Records:
---------------
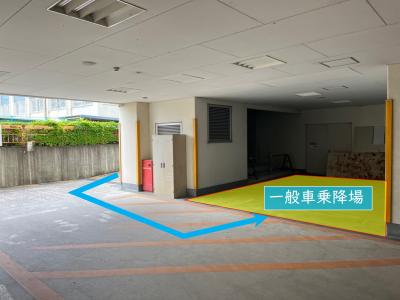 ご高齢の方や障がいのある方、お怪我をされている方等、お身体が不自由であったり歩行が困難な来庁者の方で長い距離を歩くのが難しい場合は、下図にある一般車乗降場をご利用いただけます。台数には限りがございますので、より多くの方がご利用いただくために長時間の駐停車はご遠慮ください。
---------------
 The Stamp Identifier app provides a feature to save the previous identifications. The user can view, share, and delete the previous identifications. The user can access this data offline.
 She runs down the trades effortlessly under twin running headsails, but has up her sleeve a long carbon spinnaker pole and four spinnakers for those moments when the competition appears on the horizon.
---------------
Exercise description:
Look back at the data above. Transcribe exactly the lines starting at the line that contains "The Stamp Identifier" and ending at the line that contains "She runs down".

Result of this exercise:
 The Stamp Identifier app provides a feature to save the previous identifications. The user can view, share, and delete the previous identifications. The user can access this data offline.
 She runs down the trades effortlessly under twin running headsails, but has up her sleeve a long carbon spinnaker pole and four spinnakers for those moments when the competition appears on the horizon.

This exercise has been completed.